* _Work order_
All entries below must be retyped exactly, though pictures are to be skipped.
== == ==
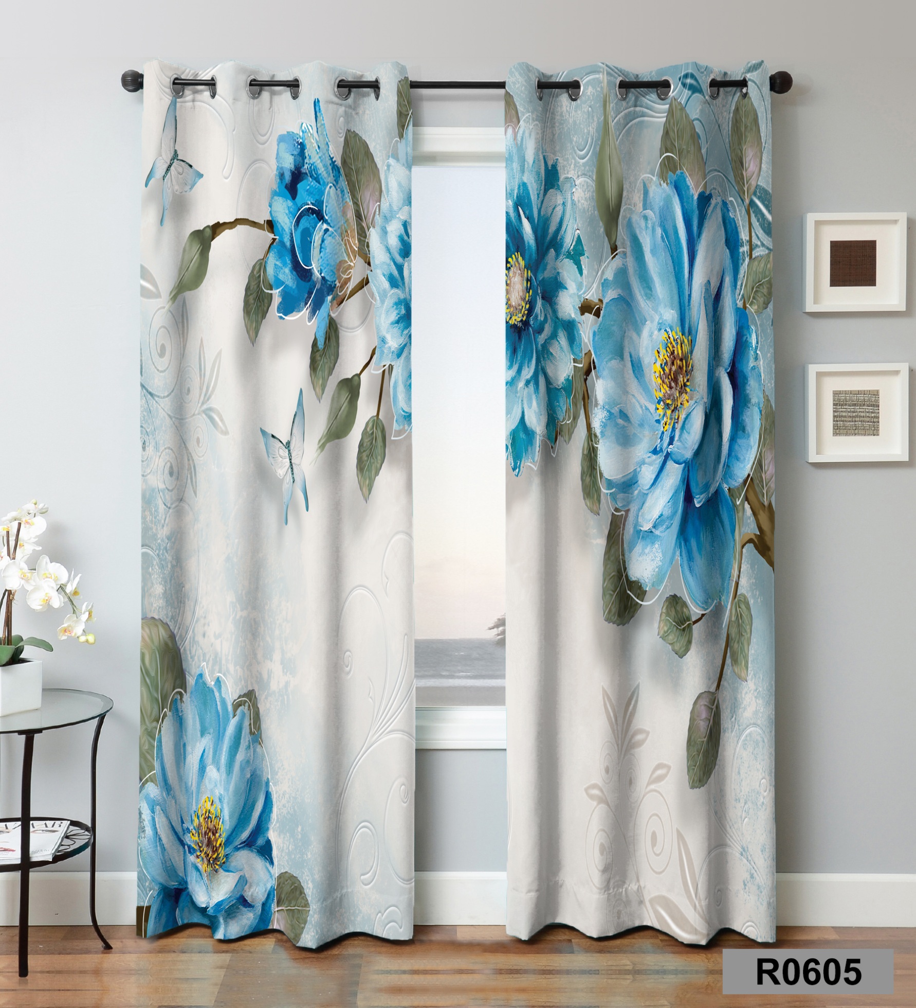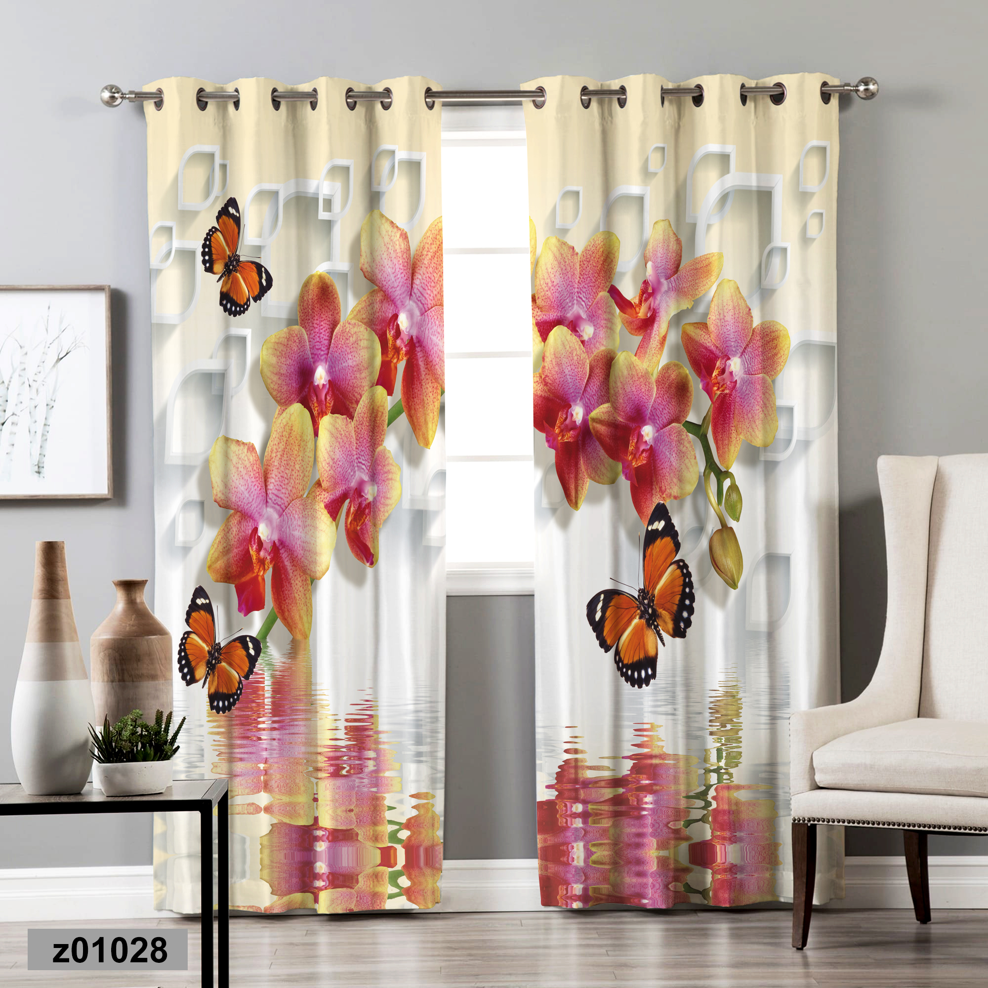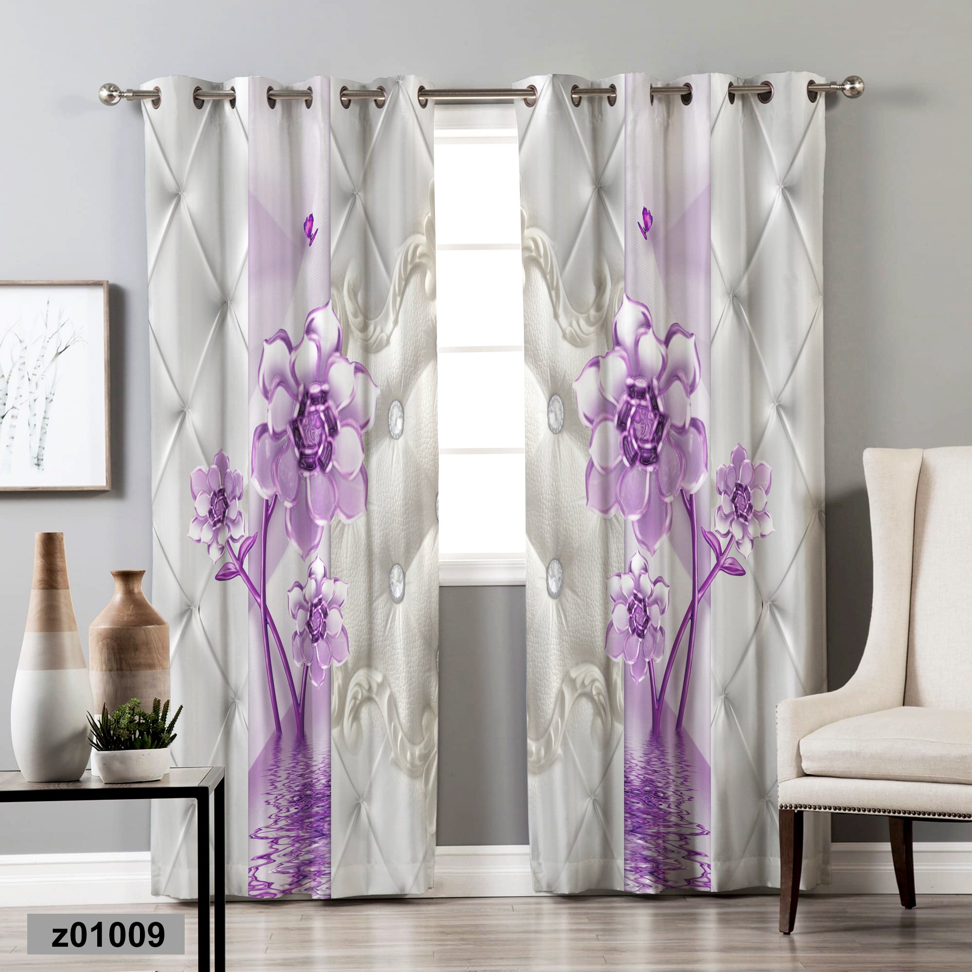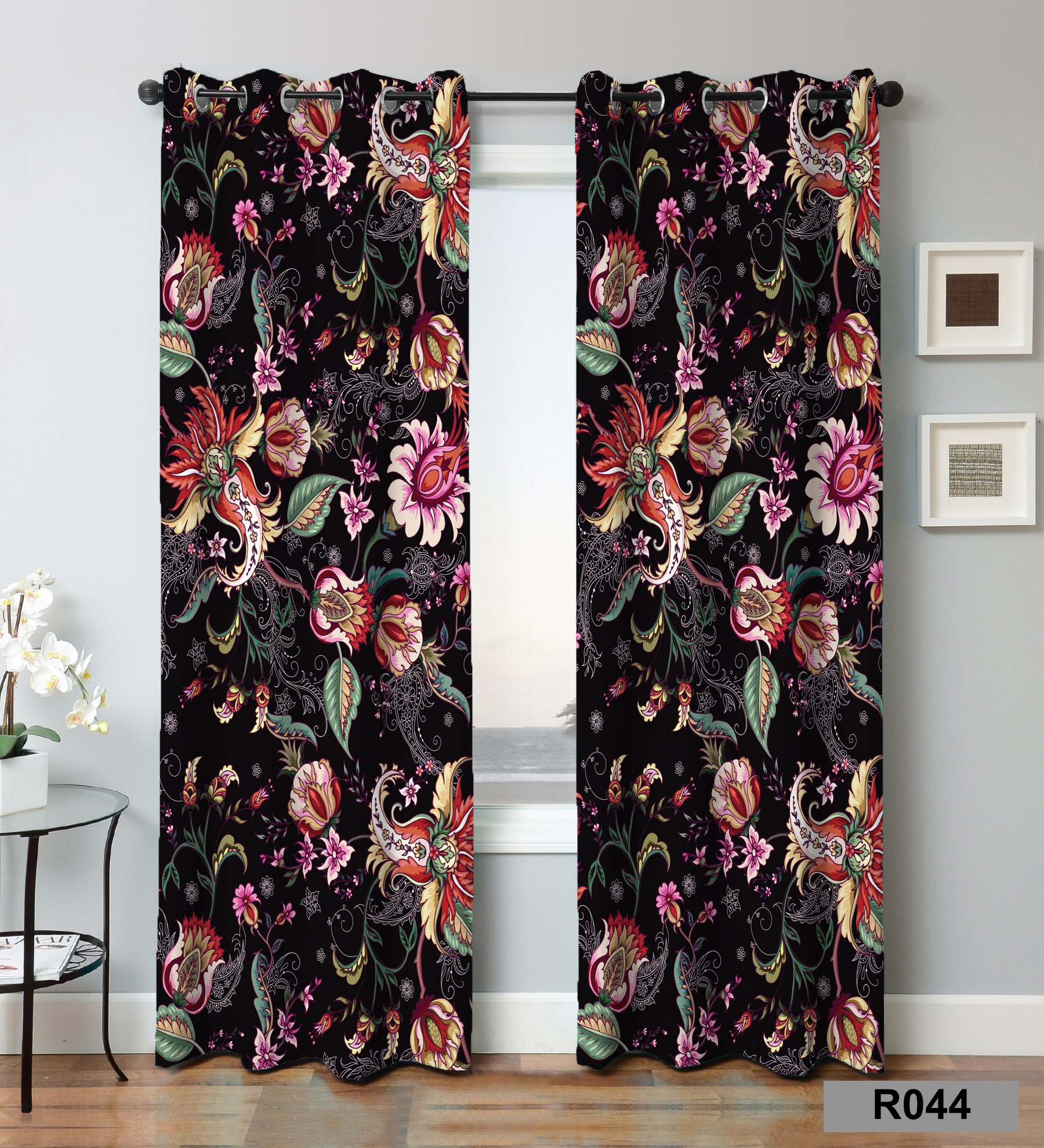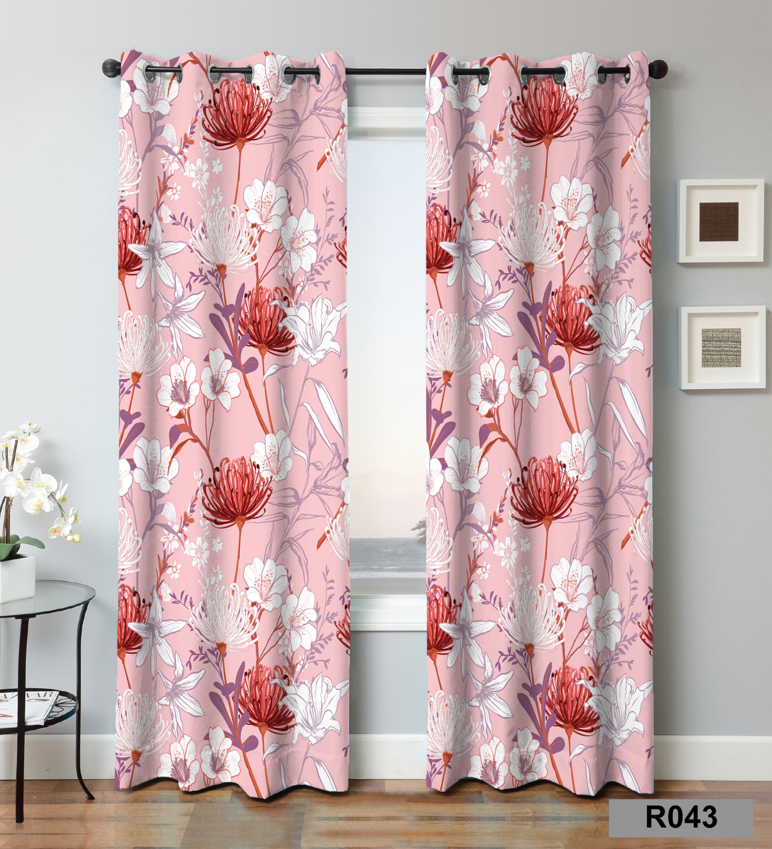 پرده هازان | طرح گلدار صورتی و سرمه ای
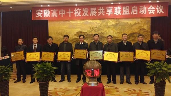 安徽高中十校发展共享联盟由巢湖一中、合肥八中、淮南二中、六安一中、南陵中学、舒城中学、太湖中学、天长中学、屯溪一中、宣城中学十所高中及皖智教育科技有限公司共同发起组成。该联盟是一个集学术性、互动性和服务性于一体的高中学校联合组织,以研究教育发展为内核,以共同研究、交流切磋、考察学习、研究联考为形式,促进联盟各校有效发展、共同发展。十所学校为联盟理事学校,大会推选合肥八中为首任理事长单位,联盟秘书处设在皖智教育科技有限公司。
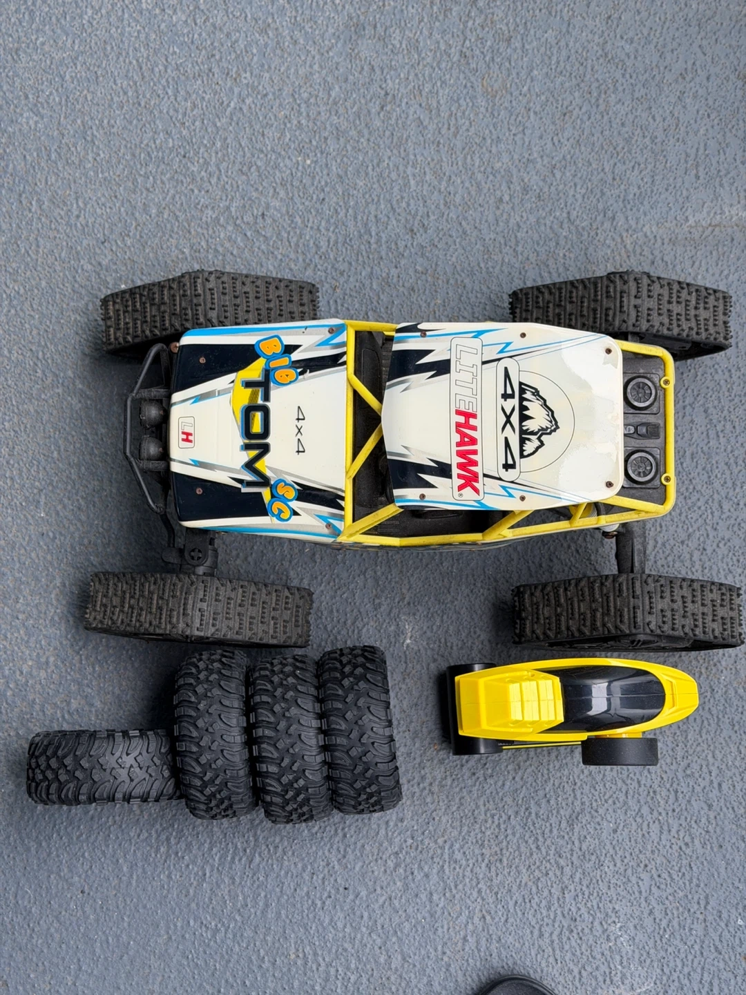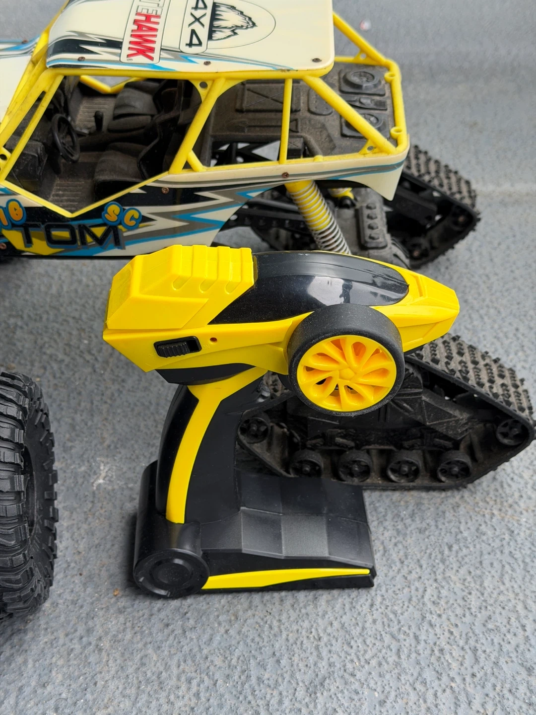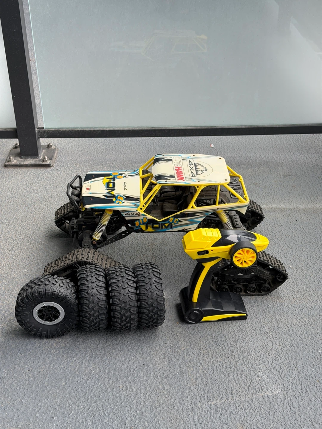 This is a 4x4 remote control rock crawler truck. It is waterproof and also runs on ice. It has extra regular tires for sand use. Amazing suspension for Jumps. Can go up to 5 km/hr. Barely used. Price is negotiable
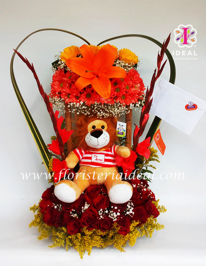 "ARREGLO CON PELUCHE" elaborado con hermosas rosas, lirio,gerberas, gladiolos, y margarita acompañado de tierna tarjeta para esta esperada ocasión. (este bello peluche es antialérgico de 28 cm)
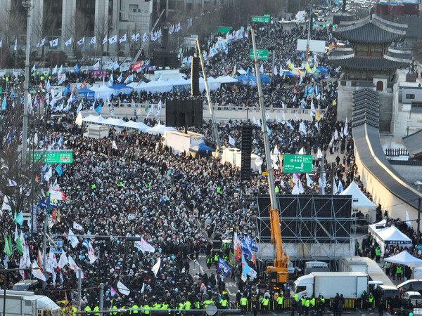 28일 오후 2시 서울 종로구 헌법재판소 인근 안국역 1번 출구 앞에서는 '촛불승리전환행동(이하 촛불행동)'이 개최한 '121차 촛불문화제 전국집중촛불' 집회가 열렸다. 주최 쪽 추산 5만 명의 시민들과 더불어민주당·조국혁신당 등 야당 정치인, 10·29 이태원 참사 유가족 등은 영하권의 추운 날씨에도 거리에 앉아 내란 사태에 대한 규탄과 일상의 회복을 이야기했다. 또 내란 수괴인 윤 대통령을 탄핵 소추하고, 공권력에 맞서 새로운 시대를 열어가는 서로를 향해 박수로 응원하고 위로했다.
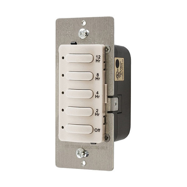 Timer, Electronic, 120/277V, Light AlmondSKU G5394295Categories Lighting ToolsDescription Countdown Timer, Min. Time Setting 2 hr, Max. Time Setting 12 hr, Voltage 120/277V AC, Watts 1000/1400, Amps 8.30, 1-Pole, HP @ 120V 1/6 hp, Type of Switch Electronic, Color Light Almond, Length 4 1/2 in, Width 2 in, Style Wall Switch, Depth 3 in, Number of Gangs 1, Features Timer Has LEDs That Indicate Time Remaining Before Turn-Off, Standards UL/cULgraingerSKU: 29RW82, mscSKU: , zoro_no: G5394295, mongo_id: 65bbe5a93aaddbd5a9fd9eac
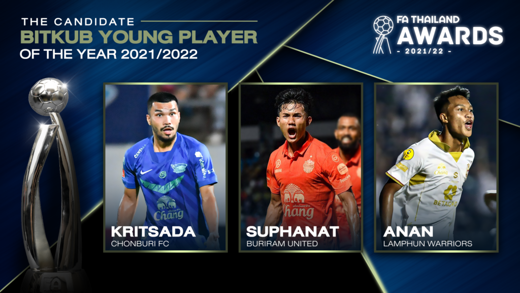 สมาคมกีฬาฟุตบอลแห่งประเทศไทยฯ เผยรายชื่อ 3 นักเตะที่มีชื่อเป็นแคนดิเดต ลุ้นคว้ารางวัล BITKUB YOUNG PLAYER OF THE YEAR 2021/22 ในงานประกาศเกียรติคุณ FA Thailand Awards 2021/22 แก่บุคคลผู้สร้างผลงานดีเด่นในวงการฟุตบอลไทยด้านต่างๆ ประจำปี 2021/22
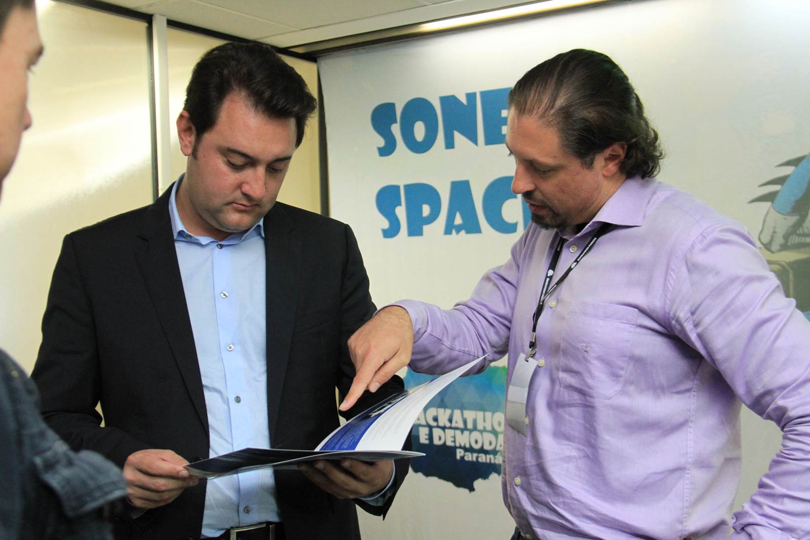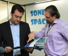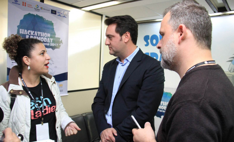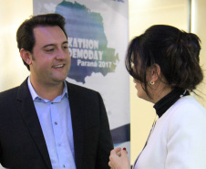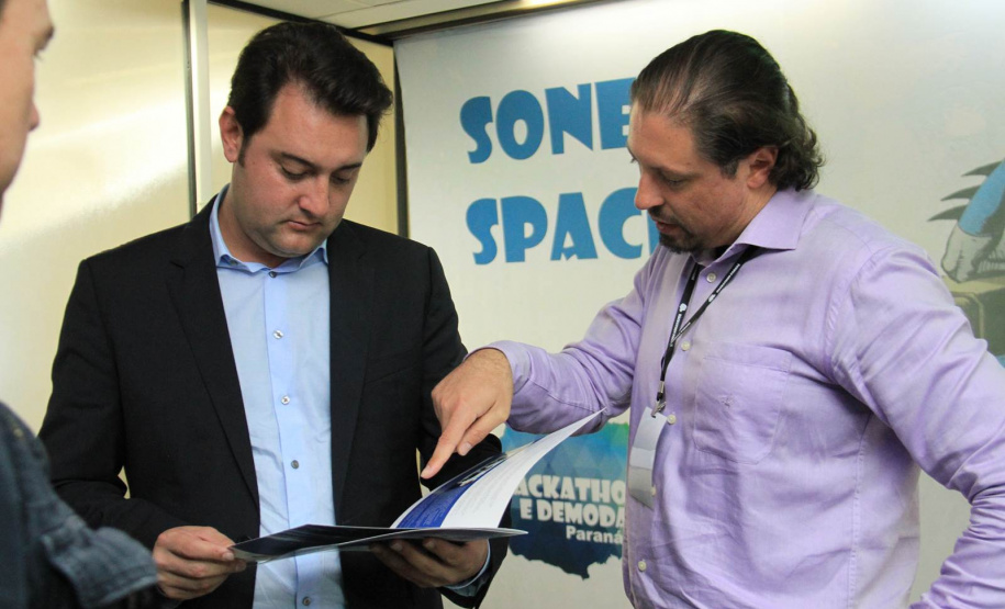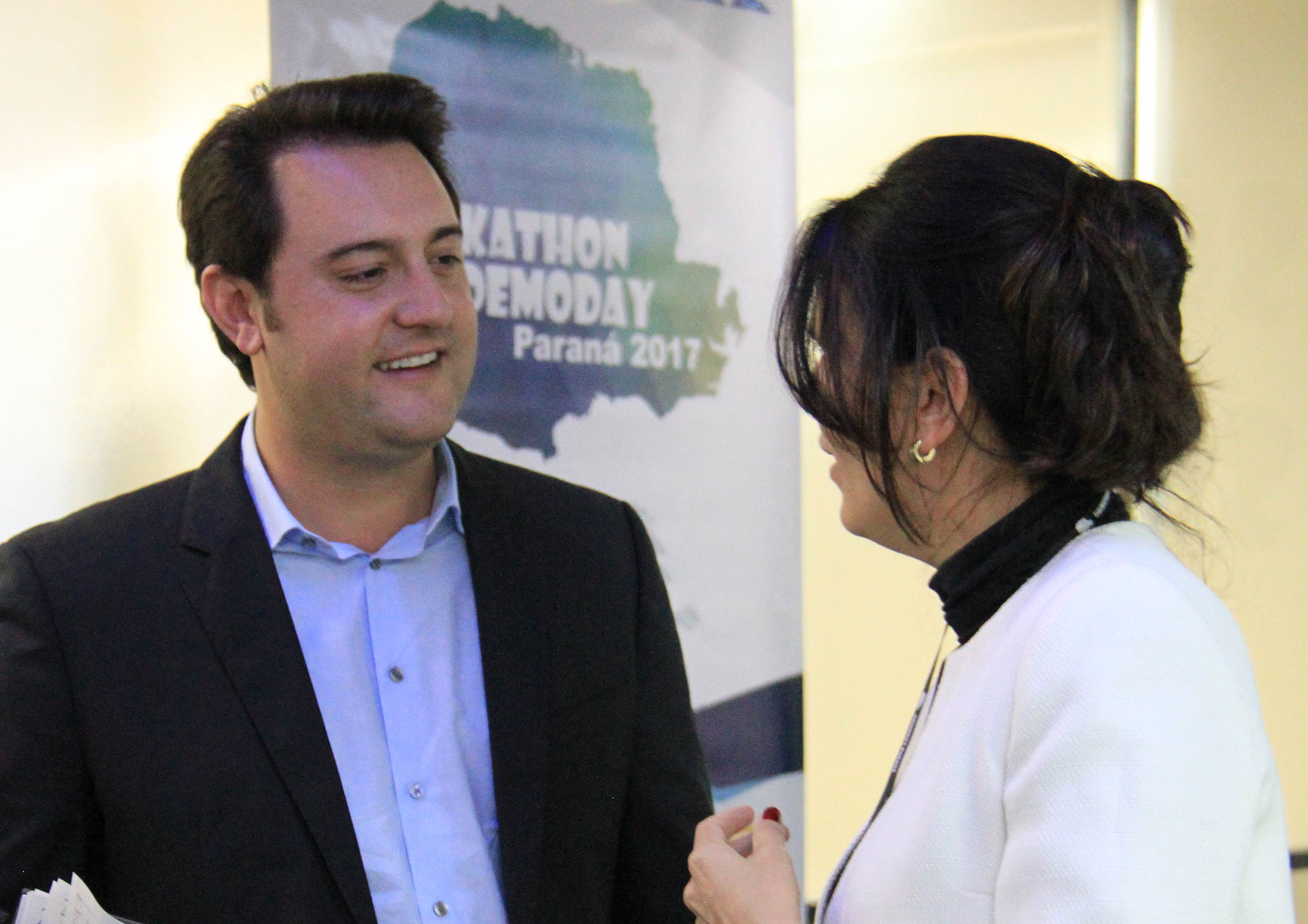 IDEALIZADORES - O deputado estadual Guto Silva, um dos idealizadores do Hackathon Paraná, junto com Ratinho Junior, prestigiou o evento. “Precisamos de novas ferramentas para aproximar o cidadão da máquina pública. Com este evento, buscamos soluções pontuais para melhorar os serviços públicos e a vida das pessoas. Não podemos, neste momento de crise política do País, nos acomodar. É preciso inovar”, enfatizou.
== == ==
* _Response area_
 پرده هازان | طرح گلدار صورتی و سرمه ای
 安徽高中十校发展共享联盟由巢湖一中、合肥八中、淮南二中、六安一中、南陵中学、舒城中学、太湖中学、天长中学、屯溪一中、宣城中学十所高中及皖智教育科技有限公司共同发起组成。该联盟是一个集学术性、互动性和服务性于一体的高中学校联合组织,以研究教育发展为内核,以共同研究、交流切磋、考察学习、研究联考为形式,促进联盟各校有效发展、共同发展。十所学校为联盟理事学校,大会推选合肥八中为首任理事长单位,联盟秘书处设在皖智教育科技有限公司。
 This is a 4x4 remote control rock crawler truck. It is waterproof and also runs on ice. It has extra regular tires for sand use. Amazing suspension for Jumps. Can go up to 5 km/hr. Barely used. Price is negotiable
 "ARREGLO CON PELUCHE" elaborado con hermosas rosas, lirio,gerberas, gladiolos, y margarita acompañado de tierna tarjeta para esta esperada ocasión. (este bello peluche es antialérgico de 28 cm)
 28일 오후 2시 서울 종로구 헌법재판소 인근 안국역 1번 출구 앞에서는 '촛불승리전환행동(이하 촛불행동)'이 개최한 '121차 촛불문화제 전국집중촛불' 집회가 열렸다. 주최 쪽 추산 5만 명의 시민들과 더불어민주당·조국혁신당 등 야당 정치인, 10·29 이태원 참사 유가족 등은 영하권의 추운 날씨에도 거리에 앉아 내란 사태에 대한 규탄과 일상의 회복을 이야기했다. 또 내란 수괴인 윤 대통령을 탄핵 소추하고, 공권력에 맞서 새로운 시대를 열어가는 서로를 향해 박수로 응원하고 위로했다.
 Timer, Electronic, 120/277V, Light AlmondSKU G5394295Categories Lighting ToolsDescription Countdown Timer, Min. Time Setting 2 hr, Max. Time Setting 12 hr, Voltage 120/277V AC, Watts 1000/1400, Amps 8.30, 1-Pole, HP @ 120V 1/6 hp, Type of Switch Electronic, Color Light Almond, Length 4 1/2 in, Width 2 in, Style Wall Switch, Depth 3 in, Number of Gangs 1, Features Timer Has LEDs That Indicate Time Remaining Before Turn-Off, Standards UL/cULgraingerSKU: 29RW82, mscSKU: , zoro_no: G5394295, mongo_id: 65bbe5a93aaddbd5a9fd9eac
 สมาคมกีฬาฟุตบอลแห่งประเทศไทยฯ เผยรายชื่อ 3 นักเตะที่มีชื่อเป็นแคนดิเดต ลุ้นคว้ารางวัล BITKUB YOUNG PLAYER OF THE YEAR 2021/22 ในงานประกาศเกียรติคุณ FA Thailand Awards 2021/22 แก่บุคคลผู้สร้างผลงานดีเด่นในวงการฟุตบอลไทยด้านต่างๆ ประจำปี 2021/22
 IDEALIZADORES - O deputado estadual Guto Silva, um dos idealizadores do Hackathon Paraná, junto com Ratinho Junior, prestigiou o evento. “Precisamos de novas ferramentas para aproximar o cidadão da máquina pública. Com este evento, buscamos soluções pontuais para melhorar os serviços públicos e a vida das pessoas. Não podemos, neste momento de crise política do País, nos acomodar. É preciso inovar”, enfatizou.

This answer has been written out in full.